FROM golang:1.7.3 AS zoology
WORKDIR /go/src/github.com/alexellis/href-counter/
RUN go get -d -v golang.org/x/net/html
COPY foo .

FROM alpine:latest AS foobar
RUN apk --no-cache add ca-certificates
WORKDIR /root/
COPY --from=zoology /go/src/github.com/alexellis/href-counter/foo .

FROM foobar AS goner
CMD ["./app"]

FROM alpine:latest
RUN apk --no-cache add ca-certificates
WORKDIR /
COPY doo .
COPY --from=goner /root .
CMD ["./app"]

I think that you need to make these temporary containers created with podman build visible to podman.

srcshelton commented 4 years ago

In my build-scripts, I've added traps around any podman invocations which commit or remove images - these processes seem fragile, and interrupting podman during an image rm or image prune operation seems to have an increased likelihood of resulting in an anomalous state.

Since podman integrates buildah, I've not (to date) had buildah separately installed... can these 'invisible' buildah images be managed in any way via podman's other commands or directly on the filesystem, or is having the separate buildah install pretty much a pre-requisite (... and is that intentionally so?)

rhatdan commented 4 years ago

@TomSweeneyRedHat or @ashley-cui Could you look into this. I think we have a long term issue to manage buildah images from within Podman.

mheon commented 4 years ago

I'm honestly more concerned about the missing manifests problem that was mentioned initially - if we could get more details (error messages, a reproducer) there, it would be greatly appreciated. The lack of Buildah integration is something we've known about for a while and is on our list of things to fix, but not being able to fully delete images is very bad.

srcshelton commented 4 years ago

I'll post here as soon as I can reproduce... although the locking I've added does (coincidentally?) seem to have cut-down on the frequency of occurrence.

To summarise my thinking: podman should be interruptible, safely. If any action can't be safely interrupted, then signals should be ignored until the critical action is completed. Alternatively, changes should be performed by staging updates and then atomically committing them - so that if the process is killed during staging then it can subsequently be cleaned-up, and once the change is committed then further processing is again safe.

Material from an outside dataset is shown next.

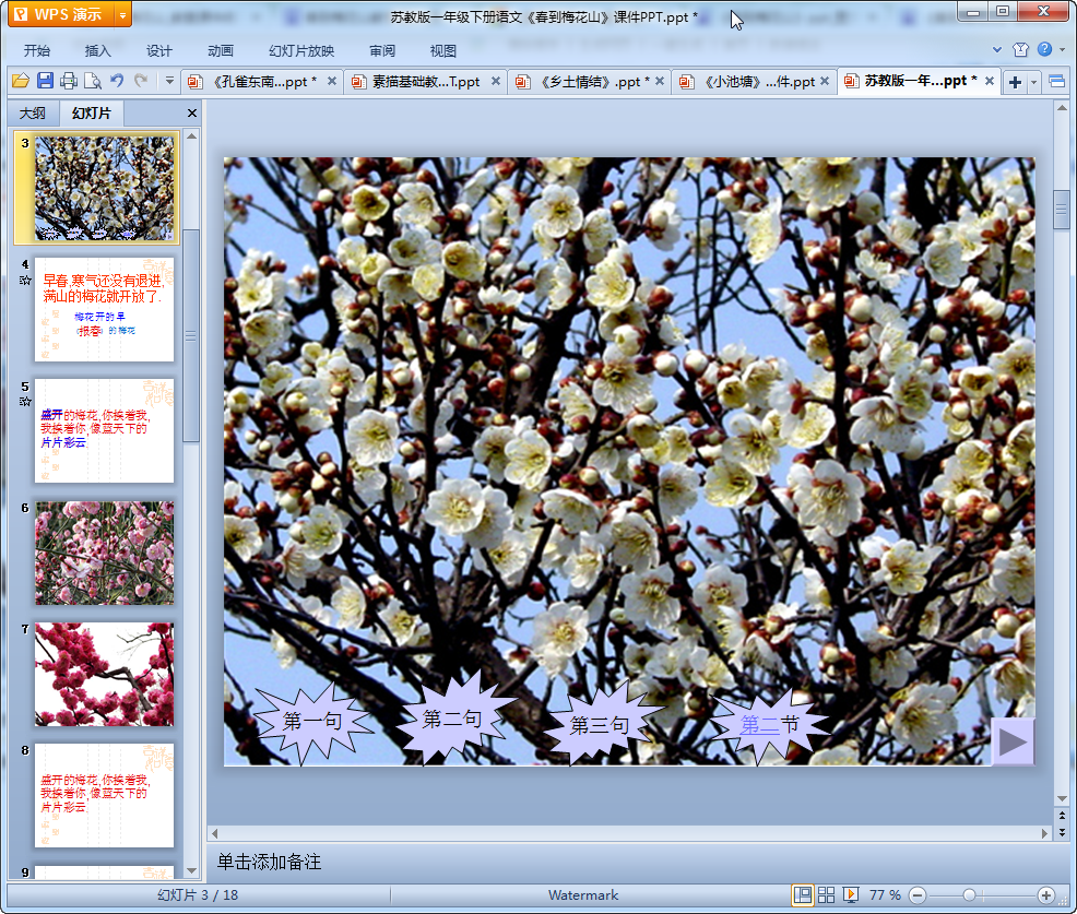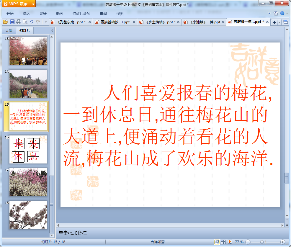 这是我们东坡下载为大家准备的一篇春到梅花山教学课件,课件制作精美大量的美化配图让整个课件更加的吸引人,对学生们的教学更加的有效率,有需要的老师们可以来我们东坡免费的下载使用!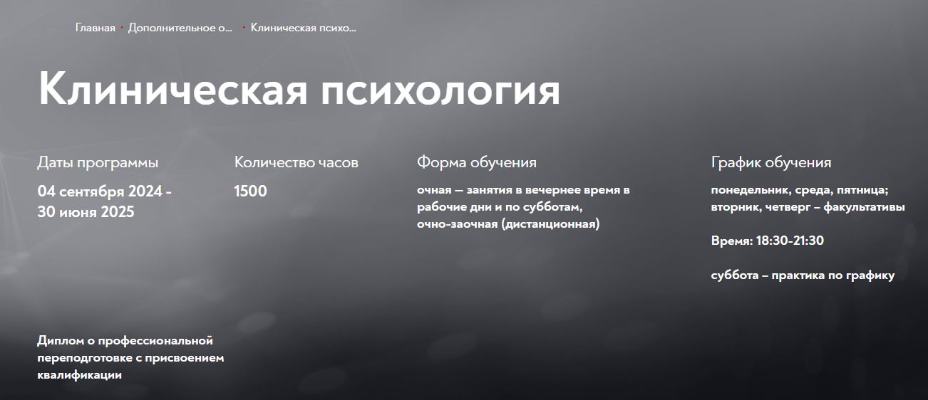 Программа «Клиническая психология» в Московском институте психоанализа - это:

(This becomes more complicated where podman is invoking separate or third-party components... but assuming that these are fragile until proven not is not necessarily the worst of plans...)

skorhone commented 4 years ago

I spent an hour and a half trying to break system manually in a way that would not let me remove images with just podman. I simply couldn't get system in that kind of state. It could be that I'm using podman 2.0.0 - but I doubt that.

@srcshelton There isn't anything out of the ordinary with your system? I noticed that you are storing images in non-default location, is that local filesystem? Also, is your run root a tmpfs system? And finally, are you running podman in parallel?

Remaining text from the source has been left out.